Expression language injection (MVEL)¶
ID: java/mvel-expression-injection
Kind: path-problem
Security severity: 9.3
Severity: error
Precision: high
Tags:
- security
- external/cwe/cwe-094
Query suites:
- java-code-scanning.qls
- java-security-extended.qls
- java-security-and-quality.qls
Click to see the query in the CodeQL repository
MVEL is an expression language based on Java-syntax, which offers many features including invocation of methods available in the JVM. If a MVEL expression is built using attacker-controlled data, and then evaluated, then it may allow attackers to run arbitrary code.
Recommendation¶
Including user input in a MVEL expression should be avoided.
Example¶
In the following sample, the first example uses untrusted data to build a MVEL expression and then runs it in the default context. In the second example, the untrusted data is validated with a custom method that checks that the expression does not contain unexpected code before evaluating it.

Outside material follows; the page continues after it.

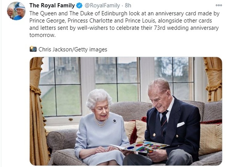 На фото 94-летняя Елизавета и 99-летний Филипп сидят на диване и рассматривают яркую самодельную открытку. Ее изготовили для них правнуки — дети принца Уильяма и Кейт Миддлтон. Семилетний принц Джордж, пятилетняя принцесса Шарлотта и двухлетний принц Луи украсили обложку большими цифрами — 73.

public void evaluate(Socket socket) throws IOException {
try (BufferedReader reader = new BufferedReader(
new InputStreamReader(socket.getInputStream()))) {
String expression = reader.readLine();
// BAD: the user-provided expression is directly evaluated
MVEL.eval(expression);
}
}
public void safeEvaluate(Socket socket) throws IOException {
try (BufferedReader reader = new BufferedReader(
new InputStreamReader(socket.getInputStream()))) {
String expression = reader.readLine();
// GOOD: the user-provided expression is validated before evaluation
validateExpression(expression);
MVEL.eval(expression);
}
}
private void validateExpression(String expression) {
// Validate that the expression does not contain unexpected code.
// For instance, this can be done with allow-lists or deny-lists of code patterns.
}
References¶
MVEL Documentation: Language Guide for 2.0.
OWASP: Expression Language Injection.
Common Weakness Enumeration: CWE-94.